Avec ses pieds guêtrés et sa tunique verte
La légion des pins au silence chantant
Laisse filtrer son sang par une entaille ouverte
Qui coule en reflets d'or dans l'urne qui l'attend.
De ses cadres serrés la route suit la ligne.
Chaque arbre mince et droit, l'infirme étant exclu,
S'unit à son voisin comme treille de vigne,
Par un panache en dôme au dessin absolu.
Dans l'éclaircie au loin, le ciel touche à la terre :
On voit entre les pins fuir un fleuve d'azur ;
Il attire à son bord nos désirs quand ils errent,
Mais c'est nous qui passons.

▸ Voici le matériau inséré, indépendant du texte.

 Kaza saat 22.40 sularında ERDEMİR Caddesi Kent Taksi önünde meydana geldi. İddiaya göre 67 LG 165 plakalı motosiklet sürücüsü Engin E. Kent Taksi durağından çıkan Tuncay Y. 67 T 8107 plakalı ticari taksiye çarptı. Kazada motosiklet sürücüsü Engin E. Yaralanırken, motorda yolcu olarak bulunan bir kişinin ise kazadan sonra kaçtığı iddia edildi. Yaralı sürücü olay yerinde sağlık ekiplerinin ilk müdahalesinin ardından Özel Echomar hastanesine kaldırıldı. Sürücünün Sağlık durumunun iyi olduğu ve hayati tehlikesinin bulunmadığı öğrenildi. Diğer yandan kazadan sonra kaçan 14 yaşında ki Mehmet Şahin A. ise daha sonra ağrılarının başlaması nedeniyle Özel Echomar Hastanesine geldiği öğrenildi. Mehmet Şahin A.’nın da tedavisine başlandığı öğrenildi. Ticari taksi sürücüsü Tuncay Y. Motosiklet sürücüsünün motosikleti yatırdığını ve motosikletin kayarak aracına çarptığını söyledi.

Le bois est resté pur.
Quelques pins ont grimpé le long de la falaise ;
Le soleil sur l'un deux est prêt à se coucher,
Orange fantastique à l'éclat de fournaise...
Quel arbre de Noël est donc si haut juché ?
Sur le tapis moelleux, tissé de saisons mortes,
Où crépitent les pas, qui transforme les voix,
L'ajonc et la bruyère aux tons de toutes sortes,
Se blottissent dans l'ombre amoureuse des bois.
Le berger taciturne au cœur plein de légendes
Laisse à son vieux « labrit » la garde des moutons :
Il écoute le vent faisant vibrer ses landes,
Et fripe une fougère où plonge son bâton.
Temple de la nature au culte du silence
Construit aux profondeurs solitaires des bois,
Chaque branche me dit, tout bas, ce que je pense,
M'enivre de parfums, d'harmonie et de foi.